- [TRY IT]
Could every line below be transcribed exactly, with the pictures dropped?

(Records contained in a dataset)
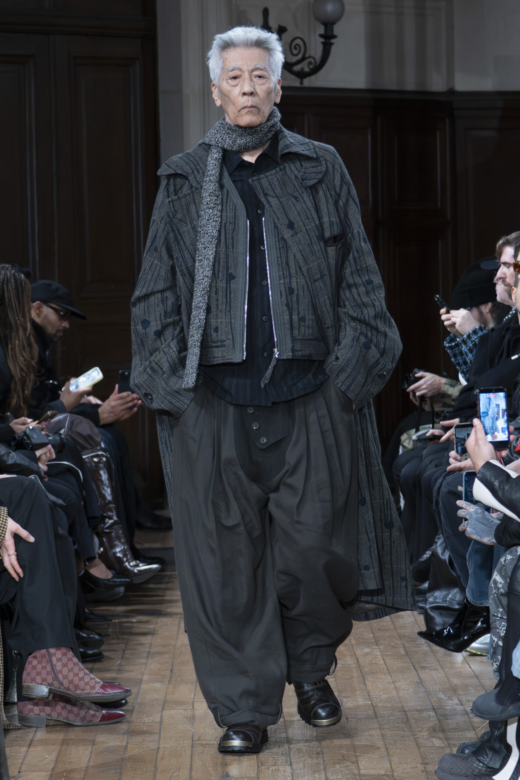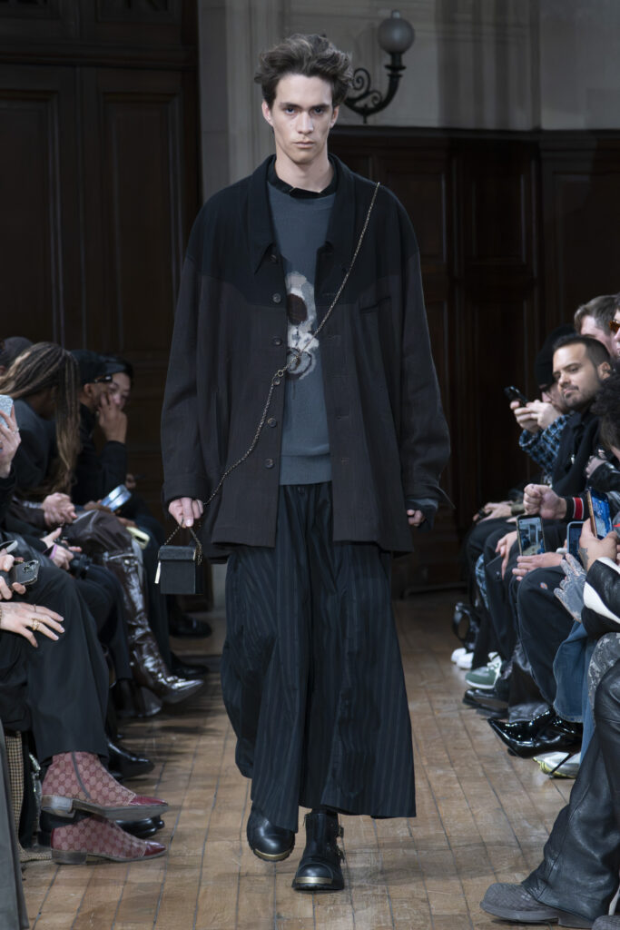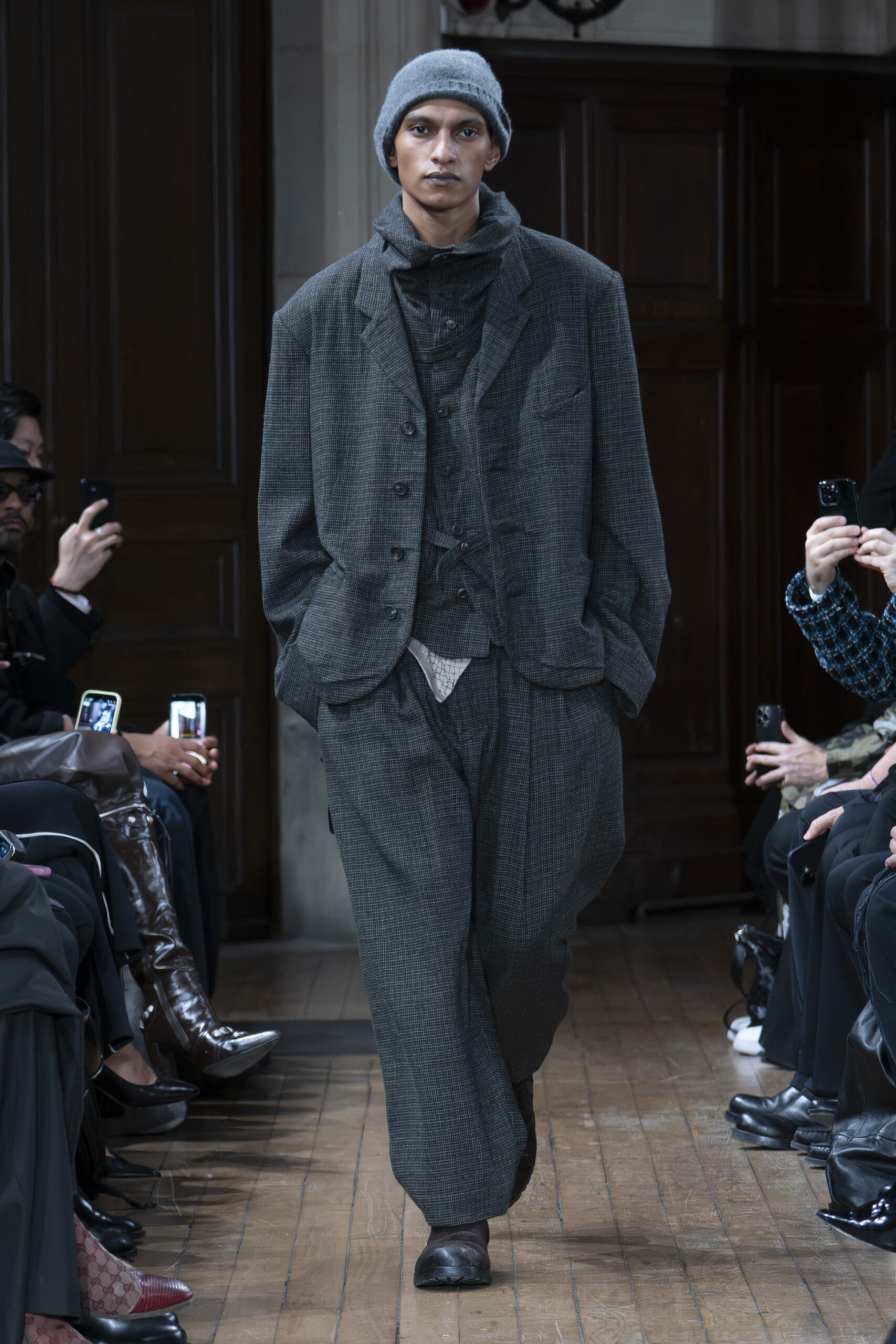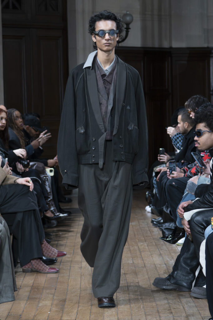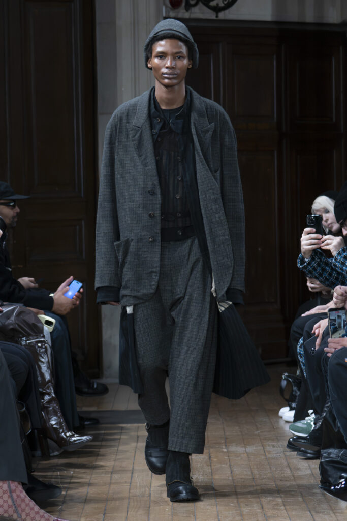 Shown during Men’s Paris Fashion Week, the “DISSPARATION” collection is filled with elongated, softly structured tailoring, a muted palette of greys, browns, and blue-black tones that feel worn-in, and patterns inspired by hand-drawn marks and abstracted memories of stone, architecture, and historical imagery.
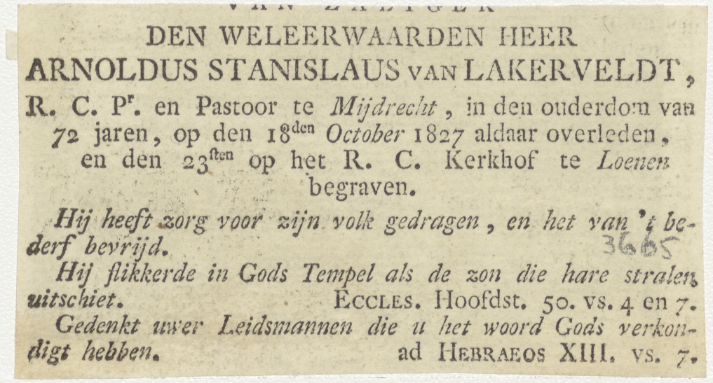 Christus Ecce Homo, kz. Religieus; bid voor ziel Arnoldus van Lakerveldt (+1827) pastoor te Mijdrecht
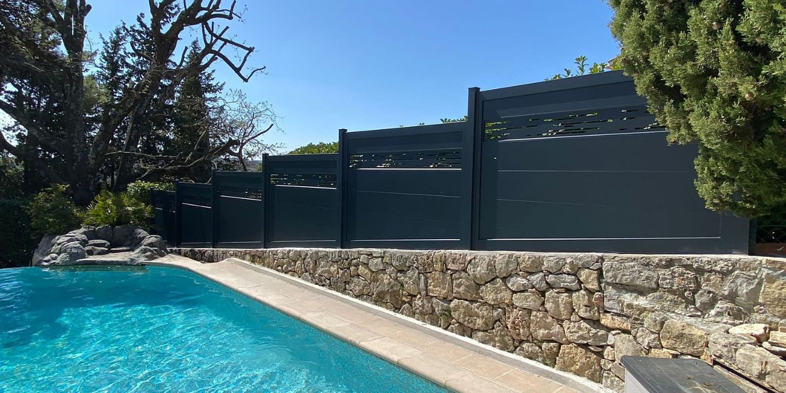 Découvrez nos réalisations de clôtures de la collection Confort, avec nos modèles occultants ou ajourés aux lignes sobres et épurées. Pour protéger des regards indiscrets les zones demandant davantage d'intimité telles que terrasse, salon de jardin, ou piscine, vous pouvez opter pour de grandes hauteur de clôture qui joue alors le rôle d'un brise-vue.
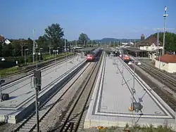 В 1992 был заложен двунаправленный городской участок железной дороги, к северо-западу от вокзала, который ответвлялся от Дурлахер-аллеи и поворачивал после пересечения дороги Баден-Пфальцского участка железной дороги в сторону Мюлакера. Параллельно на вокзале находится остановка с 2 боковыми платформами, на которых сегодня (2011) действует сообщение маршрутов городских электричек (S-bahn) S4 и S5. Все платформы взаимосвязаны путями друг с другом.
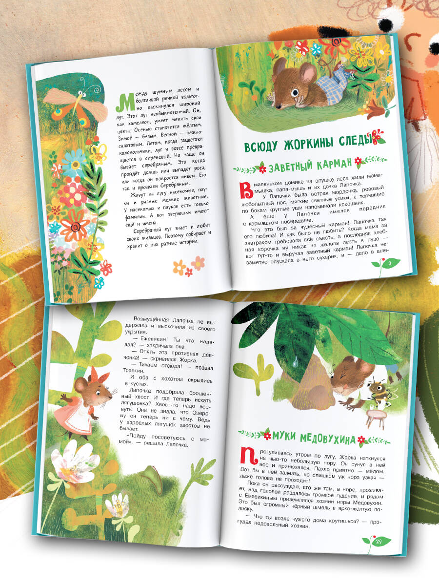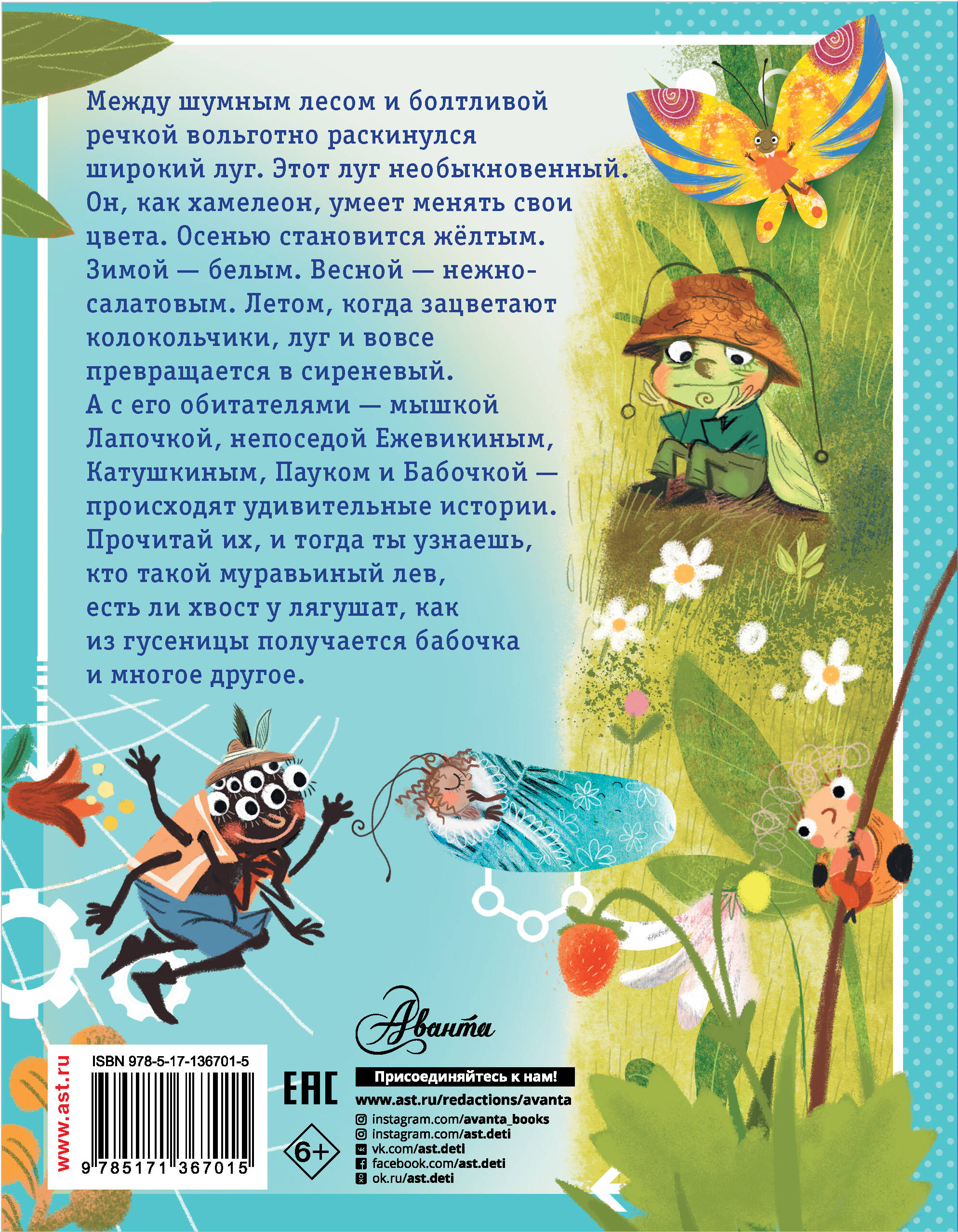 Между шумным лесом и болтливой речкой вольготно раскинулся широкий луг. Этот луг необыкновенный. Он, как хамелеон, умеет менять свои цвета. Он бывает жёлтым, нежно-салатовым, белым, сиреневым и даже серебряным. А с его обитателями - мышкой Лапочкой, непоседой Ежевикиным, Катушкиным, Пауком и Бабочкой - происходят удивительные истории, из которых ты узнаешь, как найти настоящих друзей, кто такой муравьиный лев, есть ли хвост у лягушат, как из гусеницы получается бабочка, умеет ли паучок летать… и многое-многое другое. Для младшего школьного возраста.| Издательство | ИЗДАТЕЛЬСТВО "АСТ" |
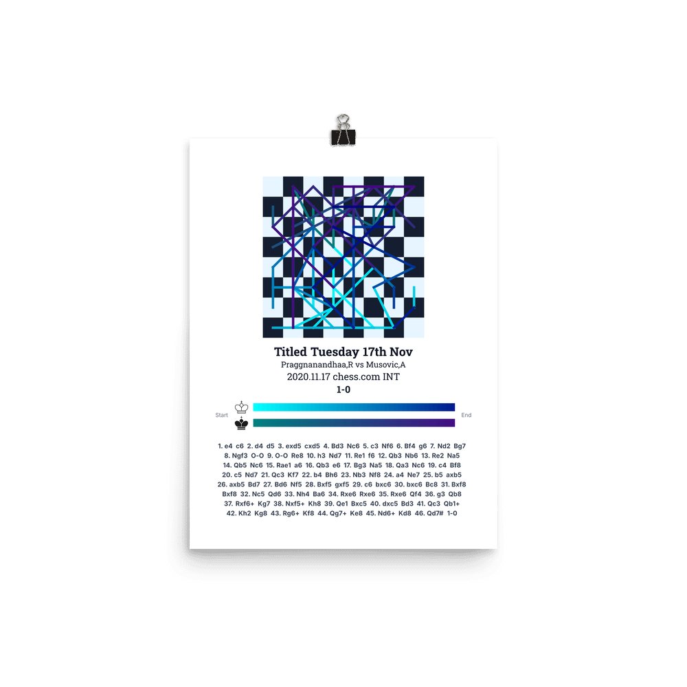 Museum-quality poster on thick, durable matte paper. A sharp, clean look for any chess visualisation.
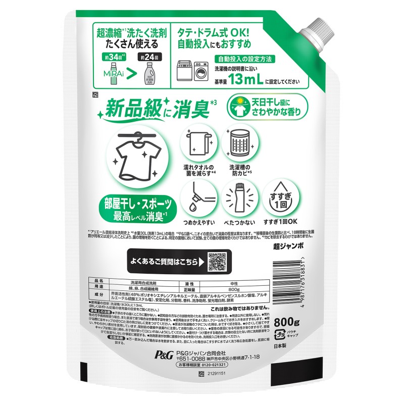 ※1…アリエール濃縮液体洗剤史上

- [PROBLEM SOLUTION]
 Shown during Men’s Paris Fashion Week, the “DISSPARATION” collection is filled with elongated, softly structured tailoring, a muted palette of greys, browns, and blue-black tones that feel worn-in, and patterns inspired by hand-drawn marks and abstracted memories of stone, architecture, and historical imagery.
 Christus Ecce Homo, kz. Religieus; bid voor ziel Arnoldus van Lakerveldt (+1827) pastoor te Mijdrecht
 Découvrez nos réalisations de clôtures de la collection Confort, avec nos modèles occultants ou ajourés aux lignes sobres et épurées. Pour protéger des regards indiscrets les zones demandant davantage d'intimité telles que terrasse, salon de jardin, ou piscine, vous pouvez opter pour de grandes hauteur de clôture qui joue alors le rôle d'un brise-vue.
 В 1992 был заложен двунаправленный городской участок железной дороги, к северо-западу от вокзала, который ответвлялся от Дурлахер-аллеи и поворачивал после пересечения дороги Баден-Пфальцского участка железной дороги в сторону Мюлакера. Параллельно на вокзале находится остановка с 2 боковыми платформами, на которых сегодня (2011) действует сообщение маршрутов городских электричек (S-bahn) S4 и S5. Все платформы взаимосвязаны путями друг с другом.
 Между шумным лесом и болтливой речкой вольготно раскинулся широкий луг. Этот луг необыкновенный. Он, как хамелеон, умеет менять свои цвета. Он бывает жёлтым, нежно-салатовым, белым, сиреневым и даже серебряным. А с его обитателями - мышкой Лапочкой, непоседой Ежевикиным, Катушкиным, Пауком и Бабочкой - происходят удивительные истории, из которых ты узнаешь, как найти настоящих друзей, кто такой муравьиный лев, есть ли хвост у лягушат, как из гусеницы получается бабочка, умеет ли паучок летать… и многое-многое другое. Для младшего школьного возраста.| Издательство | ИЗДАТЕЛЬСТВО "АСТ" |
 Museum-quality poster on thick, durable matte paper. A sharp, clean look for any chess visualisation.
 ※1…アリエール濃縮液体洗剤史上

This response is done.